Repeat each line of the material below exactly as it appears, minus any pictures.

### Given material
+++++
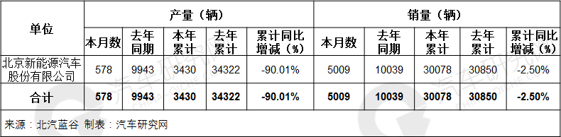5月8日,北汽蓝谷发布4月产销快报,2019年4月,其子公司北汽新能源产量为578辆,同比下滑94.19%,销量为5009辆,同比下滑50.10%;1-4月,北汽新能源累计产量3430辆,同比下滑90.01%。累计销量为30078辆,同比下滑2.50%。
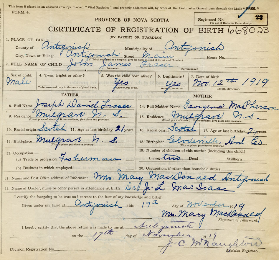 22. Name of Doctor, nurse or other person in attendance at birth Dr. J.L. MacIsaac
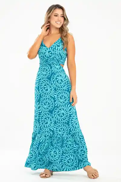 Estampado Peto Tanto en Delantero Como en Trasero Pieza Enresortada en Nido de Abeja Debajo Del Busto Pieza Enresortada en Elástico de 1 cm en Pretina Bolsillos en Los Laterales de la Falda Abertura en Espalda Bolero en Ruedo.
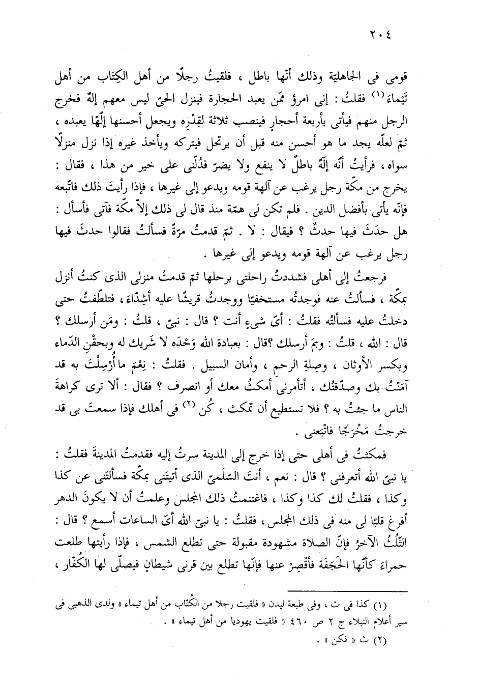 (¬١) كذا في ث، وفى طبعة ليدن "فلقيت رجلا من الكُتّاب من أهل تيماء" ولدى الذهبي في سير أعلام النبلاء ج ٢ ص ٤٦٠ "فلقيت يهوديا من أهل تيماء".
+++++
### Solution for this task
5月8日,北汽蓝谷发布4月产销快报,2019年4月,其子公司北汽新能源产量为578辆,同比下滑94.19%,销量为5009辆,同比下滑50.10%;1-4月,北汽新能源累计产量3430辆,同比下滑90.01%。累计销量为30078辆,同比下滑2.50%。
 22. Name of Doctor, nurse or other person in attendance at birth Dr. J.L. MacIsaac
 Estampado Peto Tanto en Delantero Como en Trasero Pieza Enresortada en Nido de Abeja Debajo Del Busto Pieza Enresortada en Elástico de 1 cm en Pretina Bolsillos en Los Laterales de la Falda Abertura en Espalda Bolero en Ruedo.
 (¬١) كذا في ث، وفى طبعة ليدن "فلقيت رجلا من الكُتّاب من أهل تيماء" ولدى الذهبي في سير أعلام النبلاء ج ٢ ص ٤٦٠ "فلقيت يهوديا من أهل تيماء".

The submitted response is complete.